%%
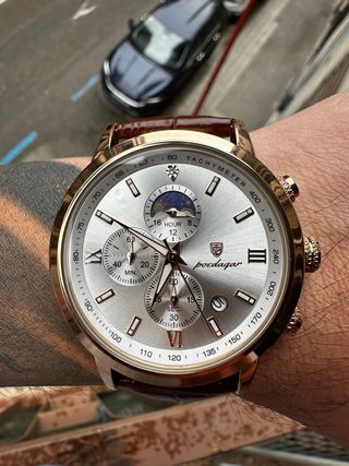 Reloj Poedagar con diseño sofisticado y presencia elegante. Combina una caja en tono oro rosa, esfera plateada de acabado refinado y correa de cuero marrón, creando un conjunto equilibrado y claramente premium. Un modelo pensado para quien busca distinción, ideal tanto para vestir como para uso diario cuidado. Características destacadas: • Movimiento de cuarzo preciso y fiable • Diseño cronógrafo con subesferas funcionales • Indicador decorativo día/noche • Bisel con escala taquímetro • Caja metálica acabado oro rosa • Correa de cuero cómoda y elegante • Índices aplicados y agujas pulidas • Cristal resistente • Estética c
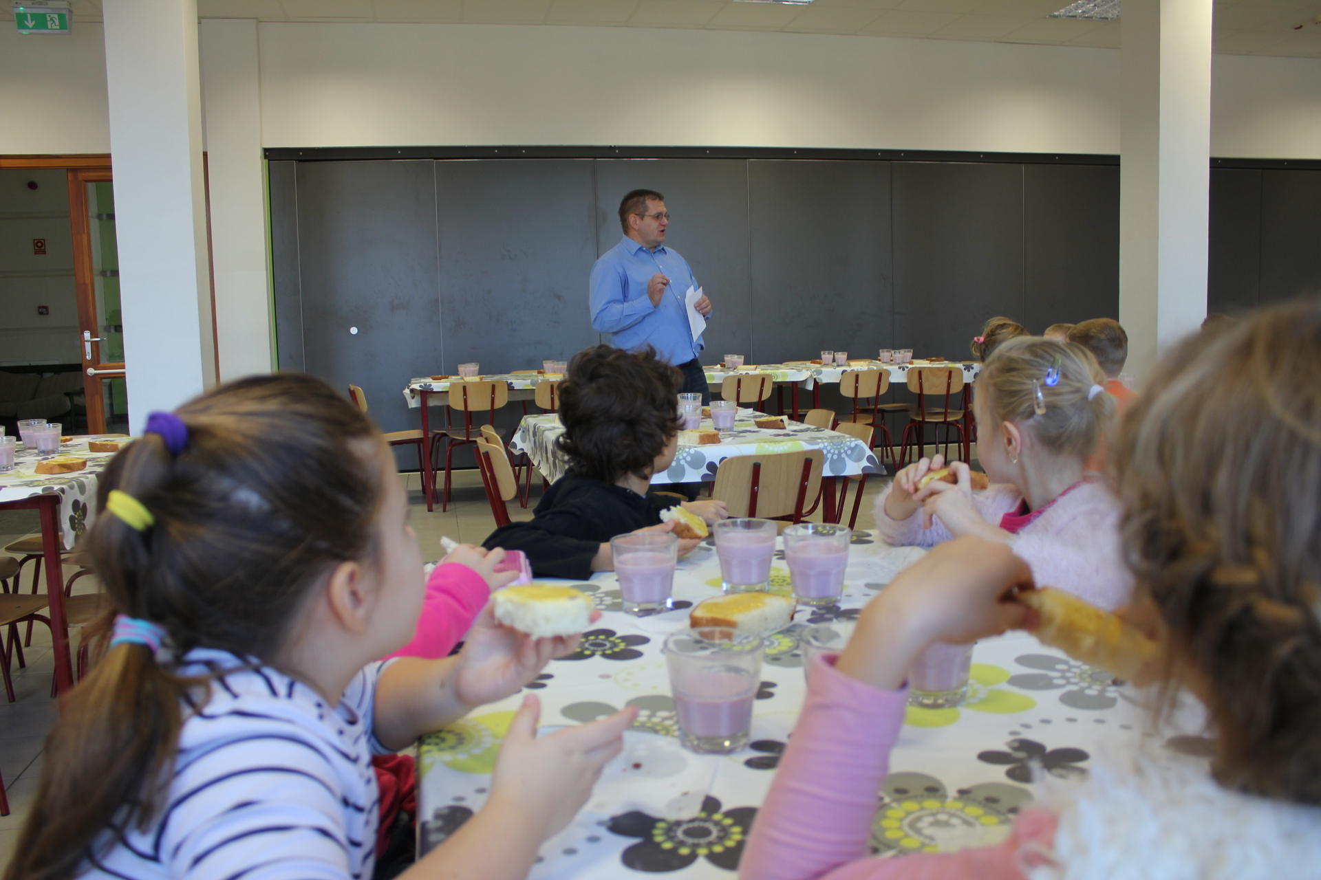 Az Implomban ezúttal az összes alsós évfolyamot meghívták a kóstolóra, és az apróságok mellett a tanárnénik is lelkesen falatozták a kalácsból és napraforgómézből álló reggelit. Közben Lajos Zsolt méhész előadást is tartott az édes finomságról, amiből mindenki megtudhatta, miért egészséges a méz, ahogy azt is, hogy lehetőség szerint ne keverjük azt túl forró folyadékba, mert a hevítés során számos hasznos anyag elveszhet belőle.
%%
%%
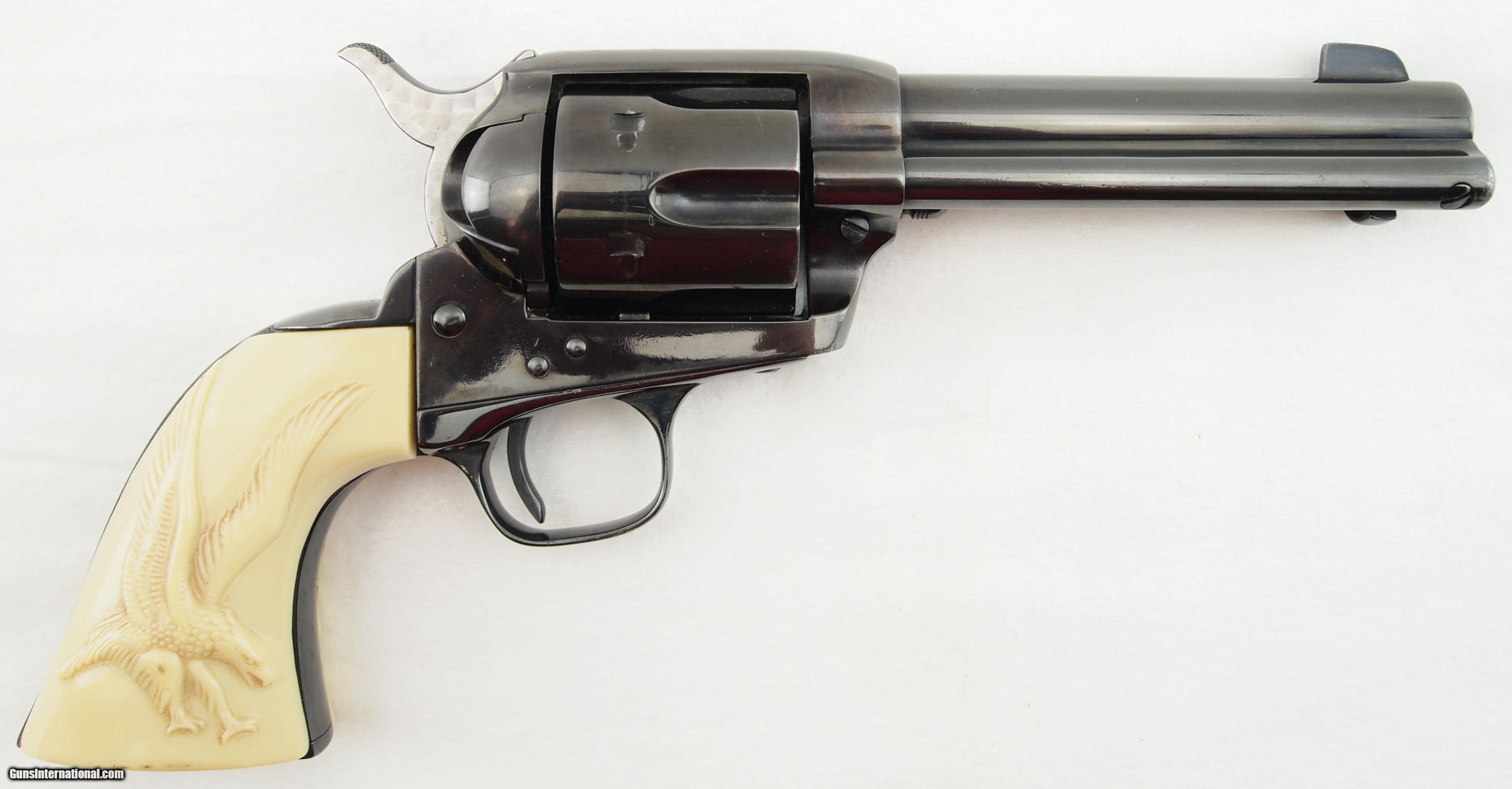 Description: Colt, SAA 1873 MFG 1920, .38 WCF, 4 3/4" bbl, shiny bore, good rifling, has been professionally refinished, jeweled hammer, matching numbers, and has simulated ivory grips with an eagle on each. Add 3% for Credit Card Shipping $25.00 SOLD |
%%
%%
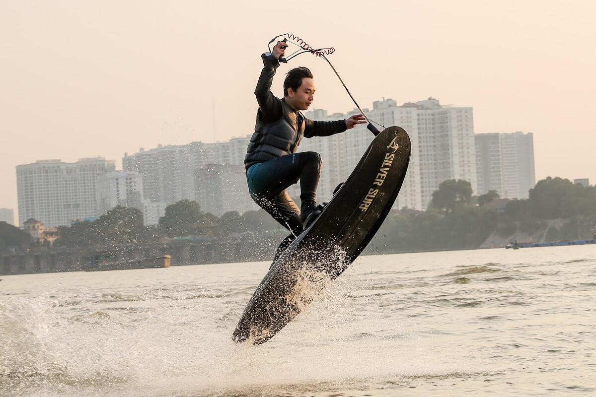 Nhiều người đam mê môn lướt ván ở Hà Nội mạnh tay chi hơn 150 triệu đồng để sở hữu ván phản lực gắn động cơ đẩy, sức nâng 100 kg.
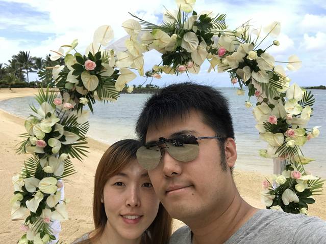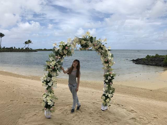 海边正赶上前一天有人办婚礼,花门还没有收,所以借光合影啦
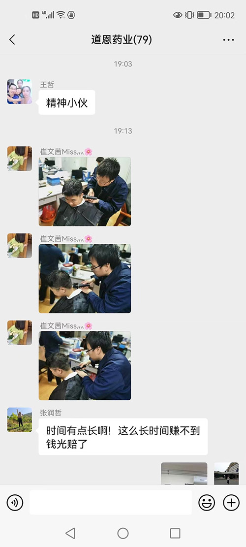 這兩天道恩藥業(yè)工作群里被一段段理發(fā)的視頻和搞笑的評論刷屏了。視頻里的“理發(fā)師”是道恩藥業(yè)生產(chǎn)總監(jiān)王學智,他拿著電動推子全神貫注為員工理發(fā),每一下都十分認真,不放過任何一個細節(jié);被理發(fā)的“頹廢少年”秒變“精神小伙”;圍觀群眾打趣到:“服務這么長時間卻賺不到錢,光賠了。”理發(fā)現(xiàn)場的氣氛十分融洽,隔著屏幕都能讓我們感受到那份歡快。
%%
— What to produce —
The line holding "Reloj Poedagar con" starts the copy and the line holding "Az Implomban ezúttal" ends it. Repeat those two lines above and all between them exactly, leaving out pictures.

— Result below —
 Reloj Poedagar con diseño sofisticado y presencia elegante. Combina una caja en tono oro rosa, esfera plateada de acabado refinado y correa de cuero marrón, creando un conjunto equilibrado y claramente premium. Un modelo pensado para quien busca distinción, ideal tanto para vestir como para uso diario cuidado. Características destacadas: • Movimiento de cuarzo preciso y fiable • Diseño cronógrafo con subesferas funcionales • Indicador decorativo día/noche • Bisel con escala taquímetro • Caja metálica acabado oro rosa • Correa de cuero cómoda y elegante • Índices aplicados y agujas pulidas • Cristal resistente • Estética c
 Az Implomban ezúttal az összes alsós évfolyamot meghívták a kóstolóra, és az apróságok mellett a tanárnénik is lelkesen falatozták a kalácsból és napraforgómézből álló reggelit. Közben Lajos Zsolt méhész előadást is tartott az édes finomságról, amiből mindenki megtudhatta, miért egészséges a méz, ahogy azt is, hogy lehetőség szerint ne keverjük azt túl forró folyadékba, mert a hevítés során számos hasznos anyag elveszhet belőle.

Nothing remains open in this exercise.